Более того, его начали ставить в затруднительное положение такие вещи, как необходимость приходить к элементарному логическому заключению и в соответствии с ним делать выбор и принимать решение. Он все больше и глубже сомневался в чьих-либо неотъемлемых и незыблемых правах, включая свои собственные. Обязанность иметь твердое одностороннее суждение и неукоснительно следовать ему повергала деда в оторопь. Требовательный мир юридических правил стал его пугать. Он все больше предавался музыке, наслаждаясь пребыванием в пространстве, не ведающем диктата сухой логики и бесстрастного закона, хотя и там, в музыкальном пространстве, царствуют логика и закон, но иные: божественные, ликующие, совпадающие с дыханием свободы.

Он отказался от должности присяжного поверенного, согласившись занять освободившееся в это время место нотариуса, и некоторое время с относительным успехом делил занятия на реальные, имея в виду занятия музыкой, и сомнамбулические, имея в виду все остальное. Но недолго, потому что постепенно нотариальные дела тоже стали его тяготить. Он мог, например, взять и не явиться в присутствие из-за того, что фиксация смерти была актом, побуждавшим его к бесконечному размышлению, а препирательства родственников из-за наследства производили на него неприятное впечатление. От естественных родительских обязанностей он тоже стал отстраняться, хотя никакого умысла на этот счет не имел: просто он стал забывать, например, в каком классе учится младший сын и что старшая дочка недавно вышла замуж.

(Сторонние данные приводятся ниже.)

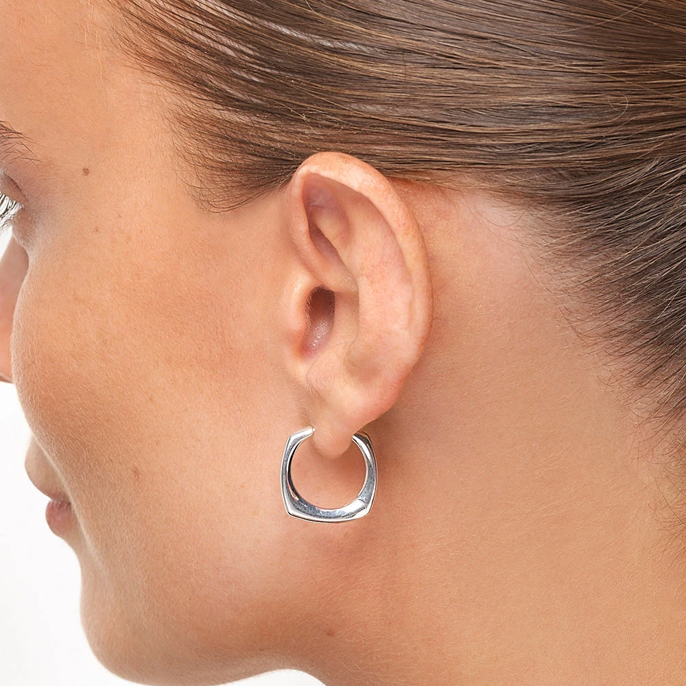 Your staple silver hoop earrings are updated with a contemporary square edge in these must-have earrings. Crafted in 925 sterling silver, these square hoop earrings have a 15mm diameter, perfect for everyday wear with a subtle unexpected edge. Add these small hoop earrings to your daily rotation, worn alone or stacked with classic hoops for contrast.

Как сейчас помню: «Улетел с птичками», – сказал как-то раз любопытный Степан, застрявший в дверях, чтобы послушать рассказ Петра Петровича. «Степан, будьте любезны, поставьте самовар», – сухо ответствовала тогда Марья Гавриловна.

В итоге дед, обладающий небольшим состоянием, которое он считал достаточным для существования семьи, устроился в маленький любительский оркестр старинной музыки. Вероятно, эту последнюю недолгую часть его жизни можно назвать абсолютно счастливой. На лице у деда постоянно блуждала неопределенная и отчасти загадочная улыбка, которая его не покидала, даже если ему говорили о том, что на улице пасмурно и нужно на прогулку захватить зонтик. Однажды из счастливой улыбки на дедовском лице уличный городовой вывел заключение, что он выпил лишку, и вежливо помог ему добраться до дома. Иногда дед заказывал экипаж и уезжал на побережье залива слушать истошные крики чаек. В одиночестве, с той же блуждающей улыбкой он сидел в плетеном кресле на берегу, оперев голову о руку и озирая серо-сизые плоскости берега и воды и холмистые горизонтали мысов на флангах. Трудно сказать, имелись ли у него в эти минуты какие-нибудь доставлявшие ему удовольствие отчетливые мысли, но то, что в душе звучало тихое блаженство, которое, возможно, как-то соотносилось с исполняемыми им на флейте мелодиями, не вызывало сомнений. Не вызывало сомнений и то, что узел должен был каким-то непредсказуемым образом развязаться, и ждать этого осталось недолго. Так вскоре и случилось: в один прекрасный день, когда по неведомым причинам репетиционная зала оказалась занятой и репетировать не было никакой возможности – дед отправился домой, чтобы позаниматься у себя в кабинете. Там, практикуя безбрежное счастье и усердствуя в стремлении к совершенству, он не соблюл меру – флейтиста нашли на полу в состоянии забытья. Его привели в чувство, но из своих эмпиреев он уже больше не возвращался.

Теперь, я думаю, понятно, почему я не воспользовался наличием инструмента и не стал учиться игре на флейте, а также не рассказал эту историю моей козочке – боюсь, она не поняла бы этой слишком барской эпопеи – хотя всегда боялась показаться глупой и старалась спрятать от меня недоумение, какое неизбежно время от времени у нее возникало. Над нашей дружбой в деревне смеялись, и она старалась проскользнуть ко мне в дом как можно незаметнее. Ей было со мной интересно, и я иногда держал в своей руке ее распухшую от безжалостной работы маленькую руку.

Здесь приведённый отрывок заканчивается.